Lectures shed light on LAU’s early history
The Rev. Robert Stoddard revealed interesting aspects of the life and work of Sarah L.H. Smith (1802–1836), founder of the girl’s school that evolved into LAU.
The Rev. Robert Stoddard (left) presents a reproduction of Sarah L. H. Smith's portrait to LAU.
In 1835, a new building was erected near the National Evangelical Church of Beirut (shown here) to house Sarah's school for girls.
Click on any photo above to view all five images
The life of Sarah Lanman Huntington Smith, who founded the girl’s school that was later to become LAU, was celebrated in a series of lectures in late January.
The Rev. Robert Stoddard, former LAU vice president for Development, returned to Lebanon to deliver the lectures. They coincided with the 175th anniversary of Sarah’s first arrival to Beirut—then part of the Ottoman Empire—on January 28, 1834.
When marking LAU’s 75th year as a higher-education institution in 1999–2000, “we found that precious little was known about the school’s American missionary founder, the enigmatic ‘Mrs. Smith,’ and her little school for girls that evolved into our modern university,” Stoddard said. “Who was this mysterious woman who first dared to educate ‘Arab’ girls?”
Sarah was born in Norwich, Connecticut, in 1802 into a privileged and religious family. Her wealthy background didn’t deter her though from working with disadvantaged people. She and her friends founded a school and church for the Mohegan Indians who lived nearby, preventing the relocation of many tribal members by the government.
At the age of 31, Sarah married the Rev. Eli Smith, and together they travelled to Beirut as Protestant missionaries.

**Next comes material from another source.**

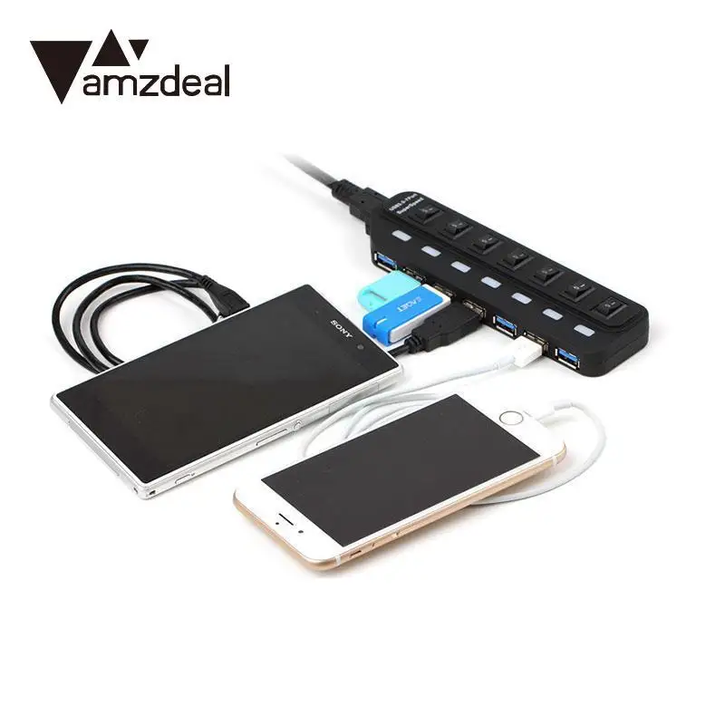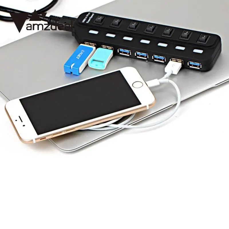 Comprar Amzdeal 7 Port HUB USB 3.0 Splitter Adaptador de 5 Gbps Hub Com On Off Switch Para PC Laptop Mac Desktop plug UE Baratas Online Preço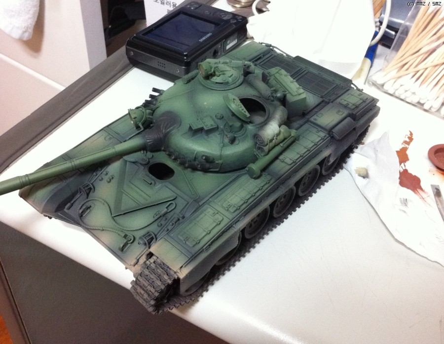 기본 도색은 여러가지 락카 녹색을 적당히 섞어서 뿌려주었습니다.

Upon her arrival, Sarah started teaching six to eight girls in the mission house, and in mid-1834 she became the head of Mrs. Smith’s Beirut Female Academy. Enrollment grew up to 40 and the curriculum expanded quickly, until her untimely death in 1836.
The school later evolved into the American School for Girls, which started a two-year college program in 1924 and became known as American Junior College for Women three years later. AJCW, which was expanded under the name Beirut College for Women in the late 1940s, became coeducational in 1973, and was renamed Beirut University College. The name was changed a final time in 1994 to Lebanese American University.
According to Stoddard, the university’s roots “go back further than those of the first college for women in the United States.”
Sarah not only spread Protestantism in Lebanon and inspired many American women to become missionary teachers, but her “exceptional God-given talents, daring vision, hard work and personal sacrifices helped transform” the Ottoman Empire, Stoddard said.
At the lectures, organized in collaboration with the Near East School of Theology and the National Evangelical Church of Beirut, LAU President Joseph Jabbra praised Stoddard’s commitment to tracing the university’s history.
Sarah’s school for girls “evolved into a major coeducational institute whose growth can only be a point of pride,” Jabbra said.
Stoddard dedicated one lecture to the life and legacy of Sarah’s husband. Smith is credited with the design of a new Arabic typeface, which became known as American-Arabic type. He was also involved in the initial phase of the Bible’s translation into Arabic.
Concluding his lecture series, Stoddard presented LAU with an 1845 edition of Sarah’s memoir, an American best seller compiled by her brother-in-law. Stoddard also offered the university a digital reproduction of her portrait made in 1833. The original piece, the only known picture of her, hangs in the Park Congregational Church in Norwich.
“I firmly believe that looking down from heaven upon LAU’s two campuses, Sarah is more than pleased with the ‘glorious superstructure’ that now rests on the foundations she started to build 175 years ago,” Stoddard said.
Stoddard first came to Lebanon in 1979 and served as BUC’s director of Development for North America for eight years. He later joined LAU as vice president for Development in 1999, and upon his retirement in 2005 he dedicated himself to studying the history of missionaries in the Middle East and the “mostly forgotten genesis of LAU.”
He will repeat his lectures in Norwich later this year for the 350th anniversary of the city’s founding.